To be determined. PRC can shift compute costs by building cheaper energy. Also arguable they can drive hardware costs to be competitive - % of manufacturing cost of hardware is ~30-40%, PRC save 100s of billions not paying western IP and service fees with indigenous hardware depending on how much central gov wants to squeeze margins. Would not be surprised if they can roll out 4x-8x more 14nm for compute parity and still have cost advantage once they get domestic fabs up at scale.

thijson

I agree, it doesn't really stop them from developing anything cutting edge, there's ways around the export controls, even if they are uneconomical. And the Chinese are no strangers to investing into uneconomical things for vanity or defense purposes.

mycall

Even if you go to yandex.ru, you can find mac mini m4 for sale for same price at in the US. Export controls are pourous.

xnx

> Groq / Cerebras, the fastest LLM inference companies

What do you mean by fastest LLM inference companies? Is there a leaderboard for this?

o999

It is important to keep in mind that GPUs power per $ is what matters, and not per unit.

China can produce much cheaper electronics that can compete even when they aren't as powerful as NVIDIA's

sanjams

> Infrastructure algorithm optimization

> Novel training frameworks

Where can one find more information about these? I keep seeing hand-wavy language like this w.r.t. DeepSeek’s innovation

lhl

I think you haven't been looking too hard in that case. Here is the R1 paper: https://arxiv.org/abs/2501.12948

You can find more papers from the attached author: https://arxiv.org/search/cs?searchtype=author&query=DeepSeek... or title https://arxiv.org/search/?query=DeepSeek&searchtype=title&ab... and go through citations for more.

Of course, you could just search by some of the attached authors as well. Daya Guo, the lead author for the R1 paper has 36 papers on Arxiv: https://arxiv.org/search/cs?query=Guo%2C+Daya&searchtype=aut...

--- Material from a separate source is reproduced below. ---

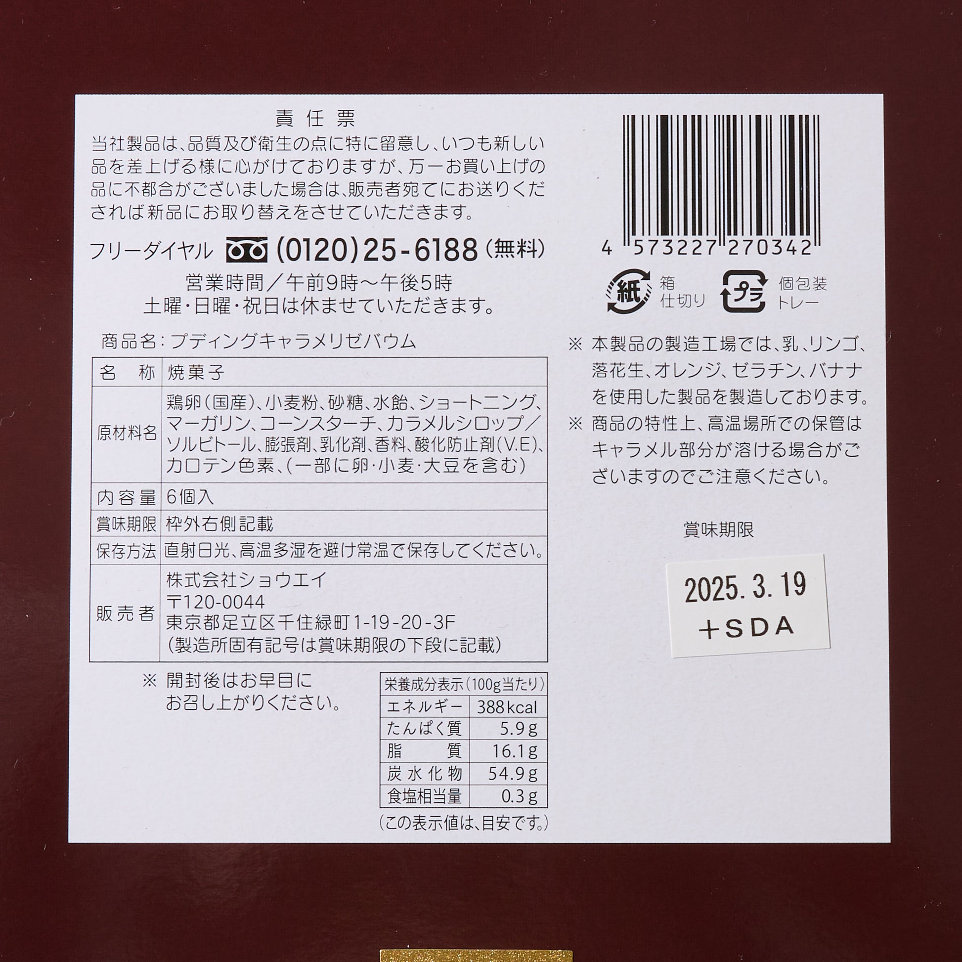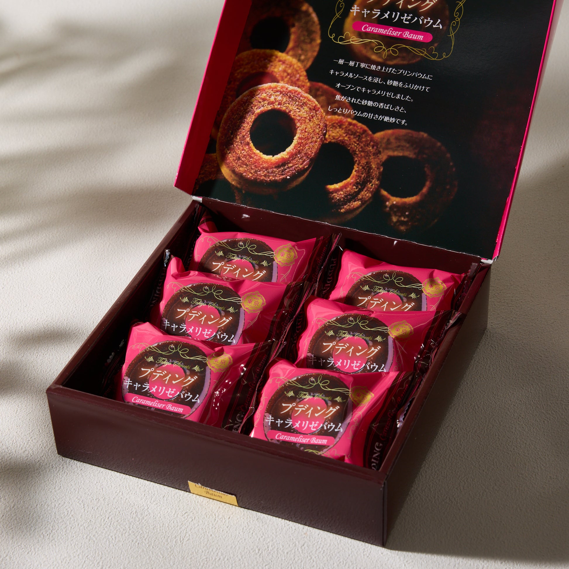 This Japanese baumkuchen is meticulously crafted by layering pudding-flavored batter, baking each layer until golden, and then dipping it in rich caramel sauce. It is then lightly sprinkled with sugar and caramelized to perfection, creating a beautiful golden finish.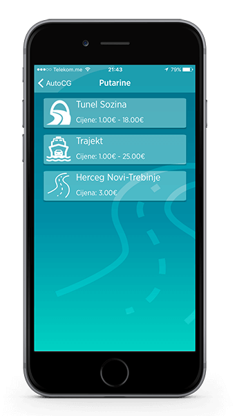Ovaj dio aplikacije nudi informacije o svim saobraćajnim objektima za koje se naplaćuje putarina. To su tunel Sozina, trajekt Kamenari - Lepetane kao i dionica regionalnog puta Herceg Novi - Trebinje. Za svaki od pomenutih objekata navedene su lokacija na mapi, kratak opis, te cjenovnik prikazan na lako razumljiv način.

Besides the papers, DeepSeek has an active Github https://github.com/deepseek-ai and https://huggingface.co/deepseek-ai

sanjams

I have read the R1 paper. My observation is that there is no information whatsoever about how they are overcoming the limitations of the H800 compared to the H100 which is what the parent article is about. That's the piece Im curious about.

I will concede that I have not read all their papers or looked through their code, but that's why I asked the question: I hoped someone here might be able to point me to specific places in specific papers instead of a axvix search.

chvid

They wrote a paper. As far as I can tell they applied a smørrebrødsbord approach and that let to the results they got.

diggan

FWIW, I think you meant "Smörgåsbord", which is basically tapas but Swedish-style, like a mix of many different dishes. Smørrebrød is a Danish type of sandwich, I'm guessing smørrebrødsbord would be "a table of Smørrebrød", but I'm not sure how common "smørrebrødsbord", I'm not Danish :)

GaggiX

Their paper goes into the details: https://arxiv.org/abs/2501.12948

whywhywhywhy

Excellent models that need a fraction of compute were obviously going to come from this. OAI is actually encouraged to not to try to make their models because compute is a moat too.

Nyr

This article is assuming that they are being truthful and indeed had access to limited hardware resources, which is doubtful to say the least.

benreesman

I think we should have substantially more confidence in the claims of people who A) haven’t been caught misleading us yet and B) have published extensive code and weights for their absolutely cutting edge stuff and C) aren’t attached to a bunch of other bad behavior (e.g. DDoS crawlers) that we know about.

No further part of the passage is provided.